Work to be completed:
Whenever a picture appears in the listing below, leave it out, and copy exactly the lines from the one containing "Nike authentic jersey" through the end.

Task input:
_ _ _ _

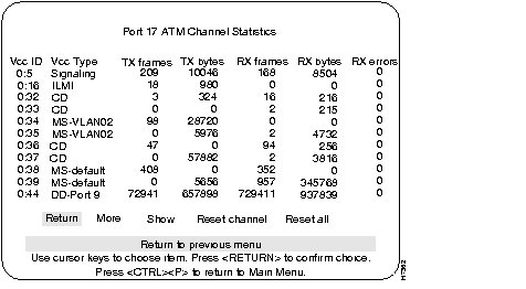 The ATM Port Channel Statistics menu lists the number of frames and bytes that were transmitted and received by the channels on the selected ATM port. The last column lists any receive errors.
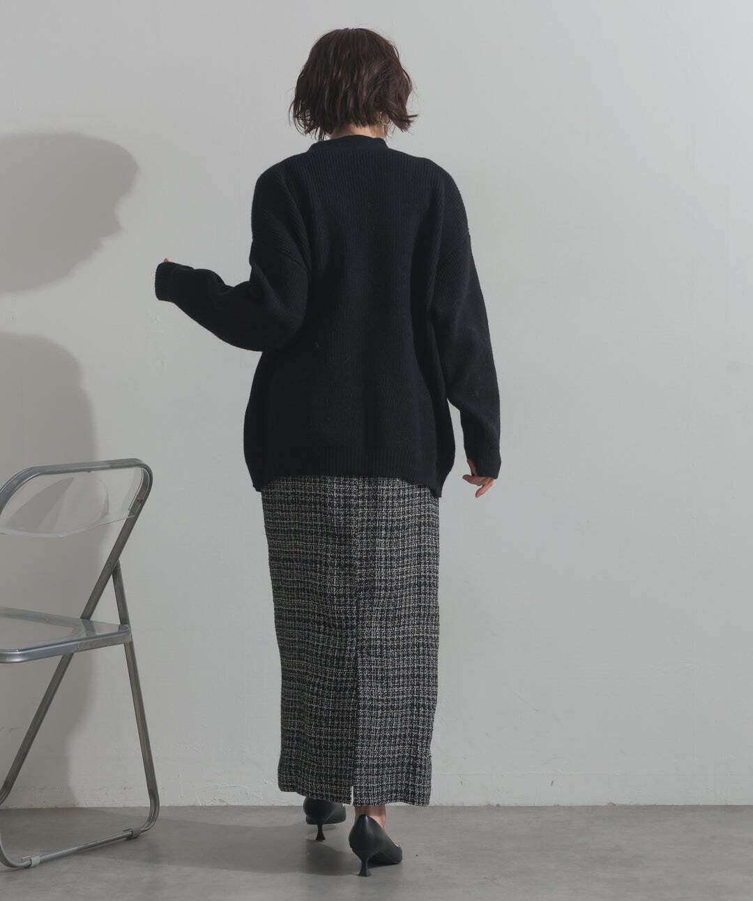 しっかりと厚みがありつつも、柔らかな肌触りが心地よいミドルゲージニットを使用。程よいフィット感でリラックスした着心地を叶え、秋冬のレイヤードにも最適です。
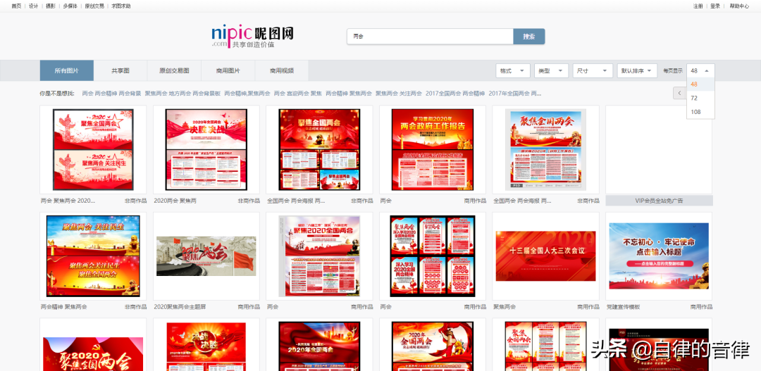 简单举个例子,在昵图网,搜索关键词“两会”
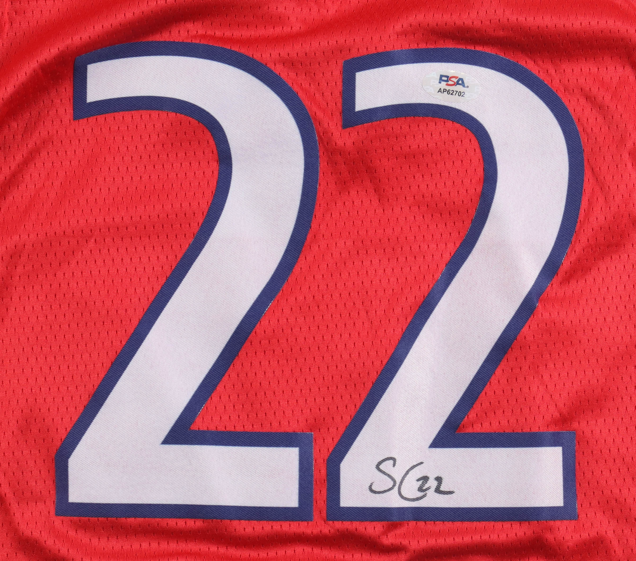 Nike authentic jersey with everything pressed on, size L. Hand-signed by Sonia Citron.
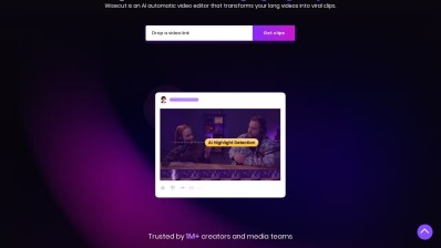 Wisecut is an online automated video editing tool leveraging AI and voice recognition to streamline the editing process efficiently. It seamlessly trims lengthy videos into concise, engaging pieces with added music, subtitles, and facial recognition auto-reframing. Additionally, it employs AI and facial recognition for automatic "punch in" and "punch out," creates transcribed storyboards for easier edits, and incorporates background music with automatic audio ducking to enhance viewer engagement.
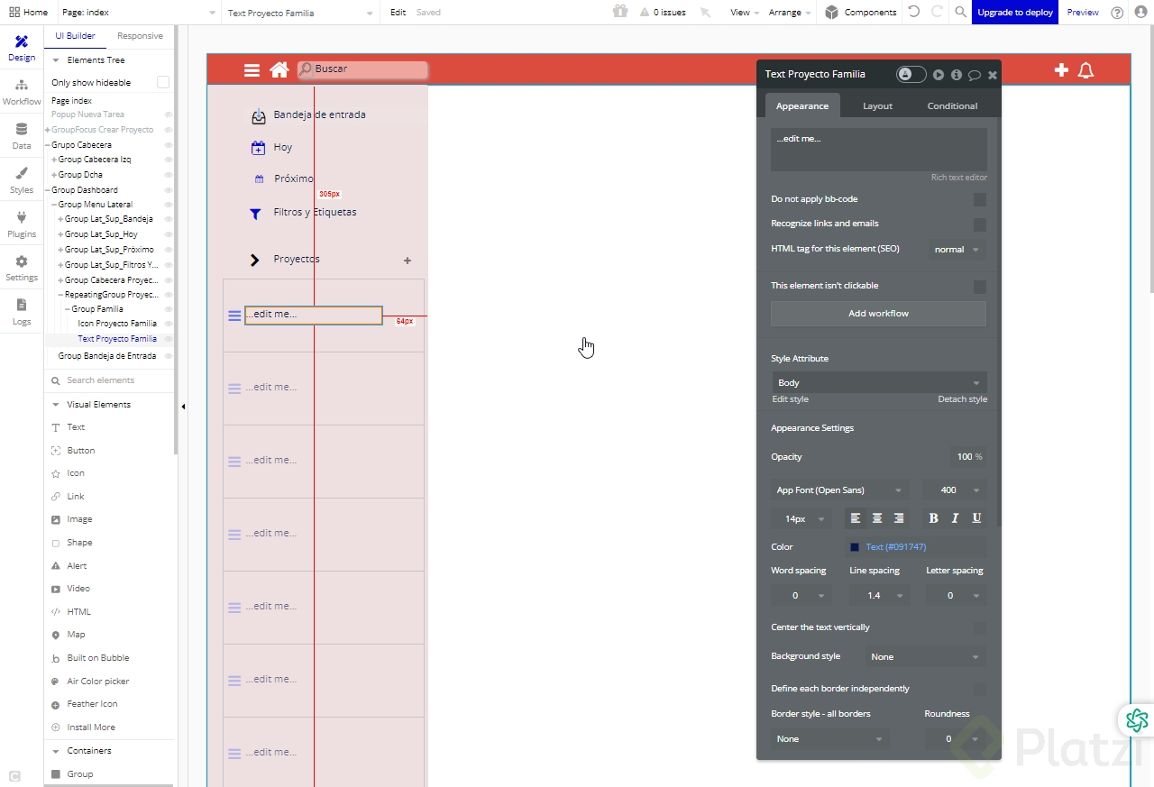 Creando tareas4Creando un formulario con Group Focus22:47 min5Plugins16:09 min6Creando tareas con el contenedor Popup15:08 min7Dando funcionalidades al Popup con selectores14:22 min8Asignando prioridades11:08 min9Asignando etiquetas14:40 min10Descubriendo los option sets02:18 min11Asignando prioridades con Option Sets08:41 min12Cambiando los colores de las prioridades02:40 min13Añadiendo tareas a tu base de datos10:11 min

_ _ _ _

Answer:
 Nike authentic jersey with everything pressed on, size L. Hand-signed by Sonia Citron.
 Wisecut is an online automated video editing tool leveraging AI and voice recognition to streamline the editing process efficiently. It seamlessly trims lengthy videos into concise, engaging pieces with added music, subtitles, and facial recognition auto-reframing. Additionally, it employs AI and facial recognition for automatic "punch in" and "punch out," creates transcribed storyboards for easier edits, and incorporates background music with automatic audio ducking to enhance viewer engagement.
 Creando tareas4Creando un formulario con Group Focus22:47 min5Plugins16:09 min6Creando tareas con el contenedor Popup15:08 min7Dando funcionalidades al Popup con selectores14:22 min8Asignando prioridades11:08 min9Asignando etiquetas14:40 min10Descubriendo los option sets02:18 min11Asignando prioridades con Option Sets08:41 min12Cambiando los colores de las prioridades02:40 min13Añadiendo tareas a tu base de datos10:11 min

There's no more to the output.